Der gebürtige Serbe habe in den vergangenen Monaten Anfeindungen gegen Russen erlebt. „Ich selbst stehe für ein multikulturelles Deutschland und ich möchte Brücken bauen“, behauptete er. Abschließend hatte Jovic auch noch eine Anfeindung gegenüber Annalena Baerbock und ihre Parteikollegen mit dabei: „Eine zweite Amtszeit mit Euch wird es nicht geben.“

„Unsere Regierung führt Krieg gegen das eigene Land“, sagte Jens Meyer, Kreisvorsitzender der Partei „die Basis“. Dies führe zu „Wirtschaftsleichen“ und zur Enteignung der Leute. Allerdings seien die Politiker nur Marionetten, lehnte er sich an eine der gängigen Verschwörungstheorien an. Es stelle sich die Frage, wer diese steuere. Meyer könne den eigenen Angaben zufolge die Gründe für den Einmarsch in die Ukraine nachvollziehen. Wie er zu dieser Einschätzung kommt, ließ er aber offen. Der Krieg selbst sei hingegen nicht nachvollziehbar. „Die Proteste in der Ukraine und in Russland zeigen, dass das Volk keinen Krieg will.“ Deutschland solle, genau wie Österreich und die Schweiz, neutral bleiben. Waffenlieferungen seien nicht die richtige Lösung.
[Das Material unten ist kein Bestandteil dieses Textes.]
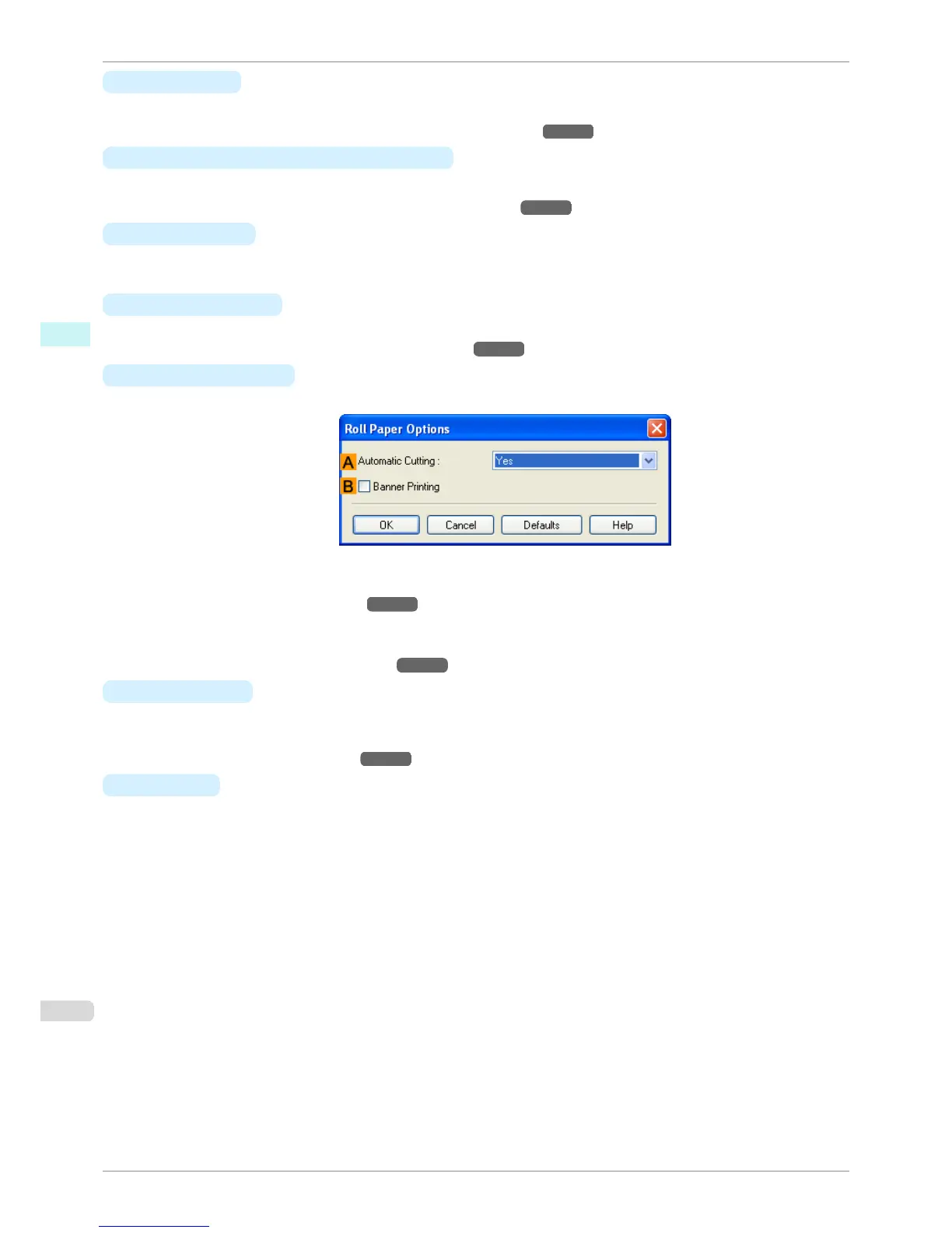 Complete optional roll paper settings. Click to display the Roll Paper Options dialog box.

Auch der Kreisvorsitzende der Partei „die Basis“ sprach sich dafür aus, die Atomkraftwerke aufgrund der Energie-Krise weiter am Netz zu lassen. Er wolle gemeinsam mit einigen Mitstreitern zeitnah einen offenen Brief an die Stadt Limburg und an den Landkreis Limburg-Weilburg schicken. So wolle er in Erfahrung bringen, inwieweit diese auf einen möglichen Blackout vorbereitet sind. Auch Meyer arbeitete sich an den Grünen ab. Von denen distanziere er sich - und von allen Extremisten.
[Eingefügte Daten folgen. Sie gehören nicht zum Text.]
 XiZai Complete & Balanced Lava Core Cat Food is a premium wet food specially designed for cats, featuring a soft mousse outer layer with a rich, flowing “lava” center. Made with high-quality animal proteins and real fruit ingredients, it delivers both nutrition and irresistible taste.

Nach der Kundgebung marschierten die Demonstranten durch die Innenstadt. Begleitet wurden sie dabei von einem großen Polizeiaufgebot. Auf Plakaten waren Statements wie „Wer Krieg will, liefert Waffen“ zu lesen. Und dann erklang auch noch „99 Impftermine“ - ein bei Querdenker-Demonstrationen beliebtes Lied gegen die Corona-Maßnahmen.